In April last year, Prime Minister Narendra Modi had announced India would go for a government-to-government deal with France for purchasing the fighter planes. But a final contract in this regard is yet to be signed. The sticking point is the price of the aircraft.

It is said the 36 aircraft, along with missile systems and support, will cost around Rs65,000 crore but India is looking at buying them for about Rs59,000 crore.

Asked about Dhanoa's comment, Parrikar said India is ''quite well prepared''.

''Preparedness is not necessarily decided on strength. It also depends on many other capacities, beyond fighter aircraft also,'' he said.

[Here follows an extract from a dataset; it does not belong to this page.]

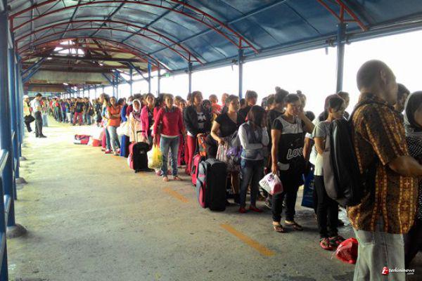 TANJUNGPINANG - Sebanyak 219 Tenaga Kerja Indonesia (TKI/W-B) bermasalah di Deportasi negeri jiran Malaysia ke Tanjungpinang melalui transportasi laut, kapal Telaga Xpres di Pelabuhan Sri Bintan Pura Tanjungpinang pada Kamis (18/12) pukul 17.20 WIB.

Talking about the situation along the Line of Actual Control (LAC), the minister said there is a ''difference in perception of the border''.

On his ministry's annual report that said China's assertiveness along the LAC has increased, he said, ''Assertiveness is existing but I don't think we are saying that we are not assertive. We are also assertive.

''Our assertiveness has increased but we feel that solutions could be found by mechanism which the two countries work out.''

He also said that confidence building measures like setting up of hotlines and new border meeting points were ''providing results''.

The Indian Air Force at present has 33 operational squadrons, against a sanctioned strength of 39.5.

The IAF is also awaiting the delivery of its first squadron of indigenous Tejas light combat aircraft.